The Trotternish Peninsula is dominated by a lava escarpment which was subject to extensive "failure" during the Quaternary period, resulting in the largest and most spectacular landslides in the British Isles. The most impressive and most dramatic of these is the Quiraing - which it seems is, to this day, still marginally unstable in places. Particularly around the Floddigarry area.

So here we were. This Tara, whose particular activity is to protect from earth-related disasters such as earthquakes, landslides, avalanches, etc had brought us to the most perfect site in the UK.

The following day we began the fairly difficult climb to the top of the Quiraing. Our appreciation of the natural beauty greatly enriched by our recent knowledge of how it evolved, and by the awareness that thousands and thousands of years were embodied in the rocks beneath our feet. A geologist's study had revealed that the face of the escarpment was made up of two dominant lava types - and that these, because they overlay a much softer Jurassic layer of clay, would have established unstable slope conditions. During the last Ice Age, glaciers flowed through this part of the world and settled here. This process, followed eventually by deglaciation, resulted in a significant weakening of the rock and a number of dramatic landslides took place.

Walking through the landscape, we were struck by the way in which nature will take a hold anywhere she can - and that life will continue at the first opportunity.

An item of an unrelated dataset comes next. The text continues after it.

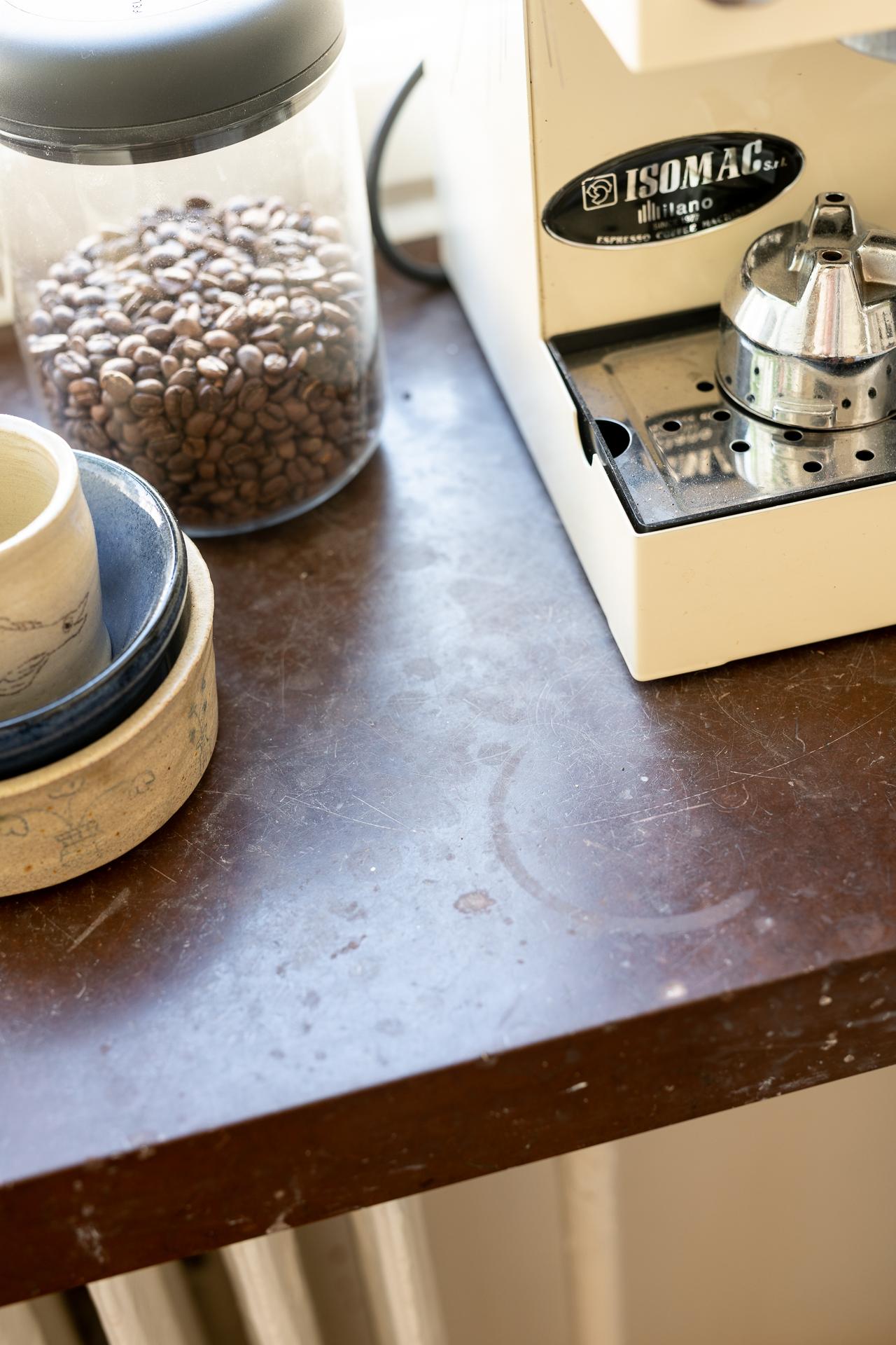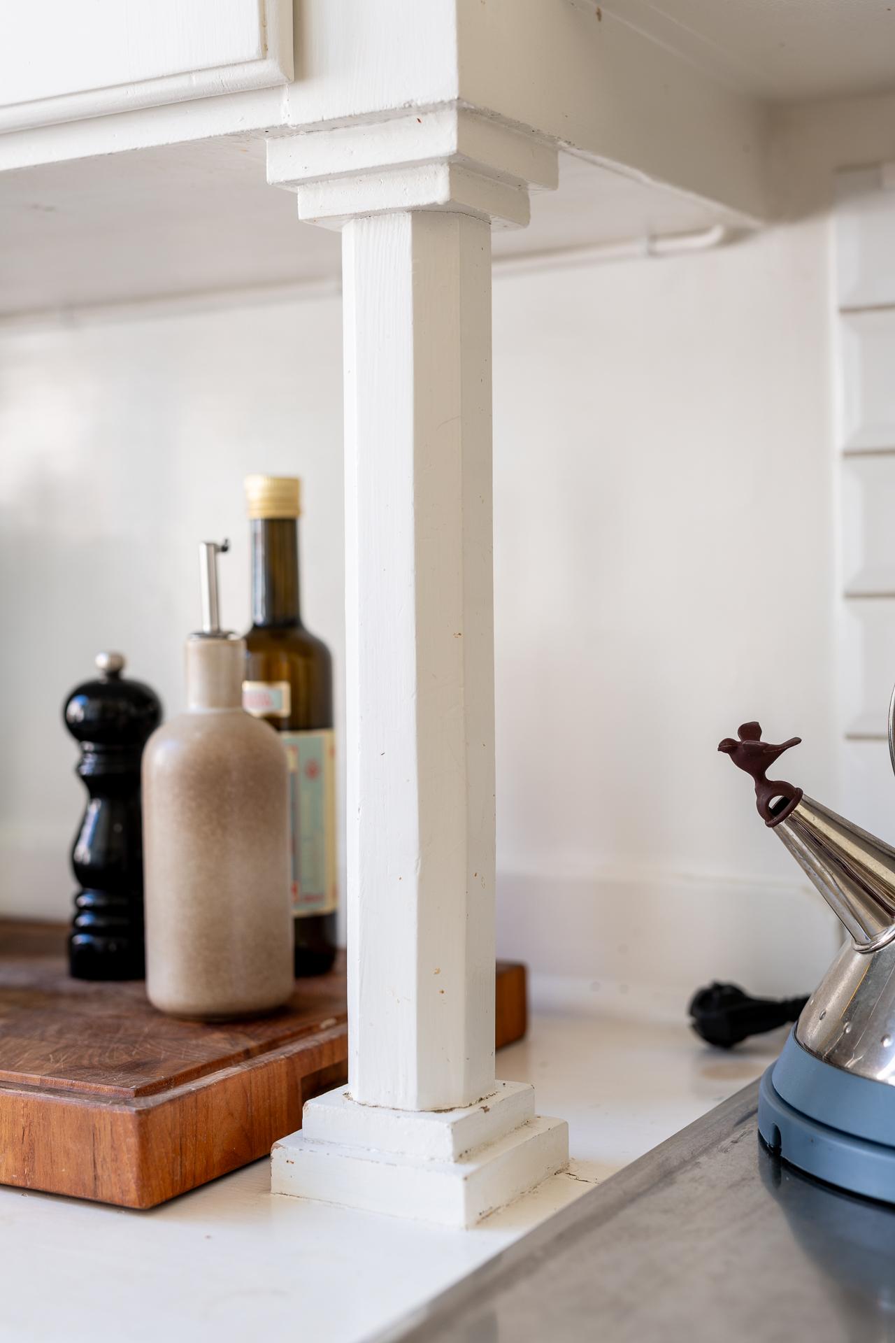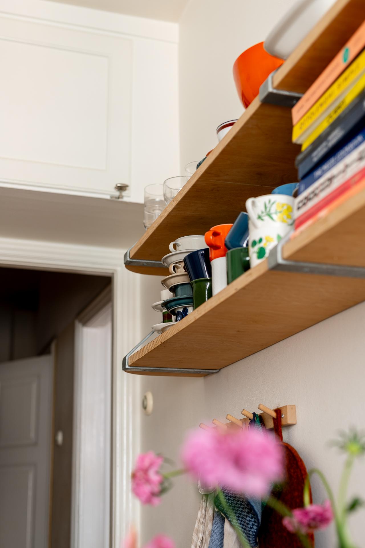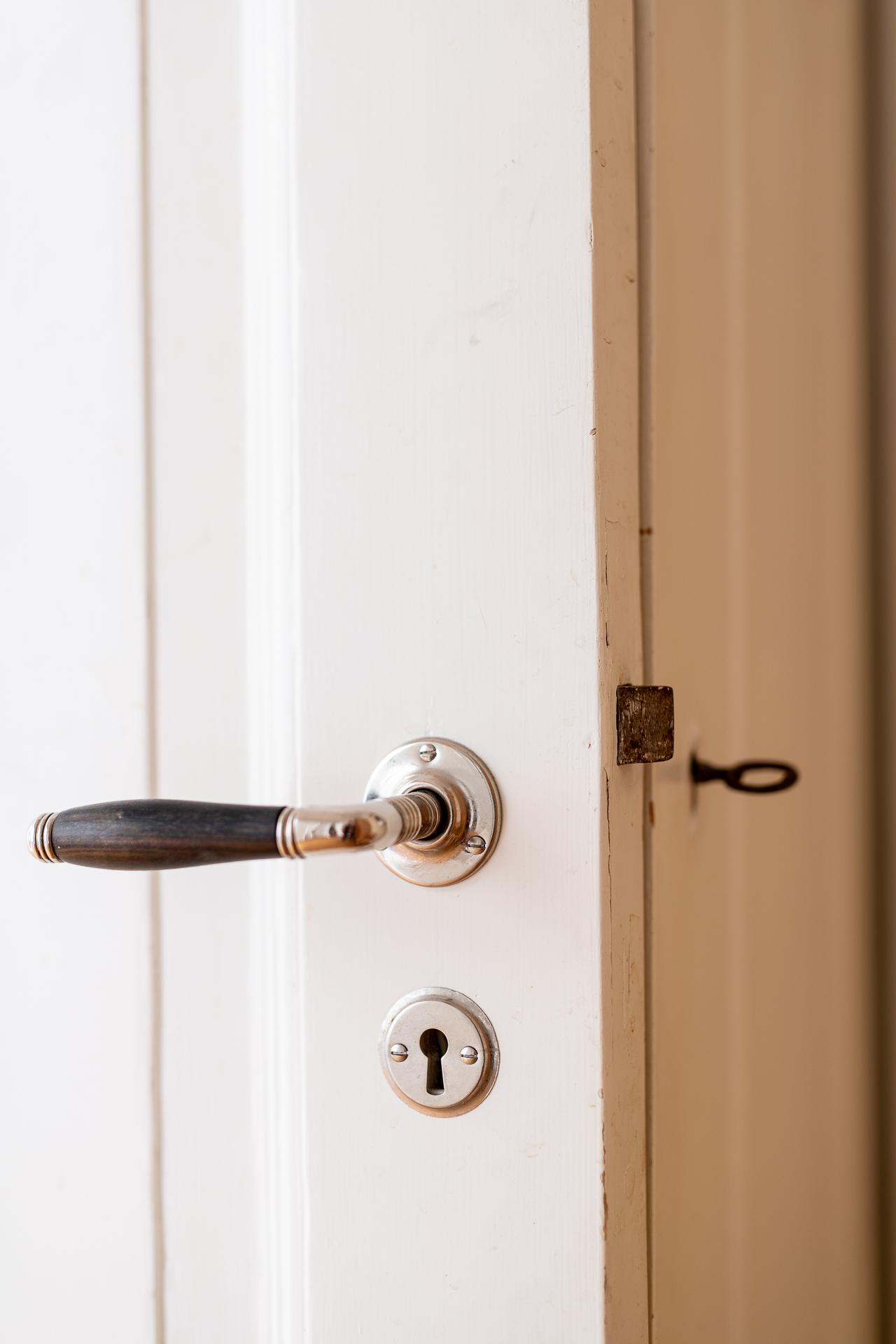 Rakt fram från hallen ligger köket – en plats där det tidstypiska möter moderna inslag på ett smakfullt sätt. Den ursprungliga köksinredningen med sina gedigna skåp och generösa förvaringsmöjligheter har bevarats och kompletterats med noggrant utvalda material. Här finns gasspis med ugn, kyl och frys, diskret integrerade i ett charmigt originalskafferi. Längst in i rummet släpper ett högt fönster in dagsljus och ger en fin kontakt med omgivningen.

The most delicate of flowers grew in obscure, remote and barren parts of the escarpment.

After a 2-mile walk, our path suddenly ascended steeply and we scrambled up along the path (Emma like a mountain goat, myself an urban chick). We were heading for the Table, the very top of the Quiraing at a height of nearly 600metres. We were pretty much alone by this point, and the silence was eerie - simply us and the ravens, and a rather wild wind. Reaching this magnificent green lawn on top of a mountain was a bit like finding paradise. Tara was placed in the ground close to a small stone circle, prayers were recited and our mission accomplished.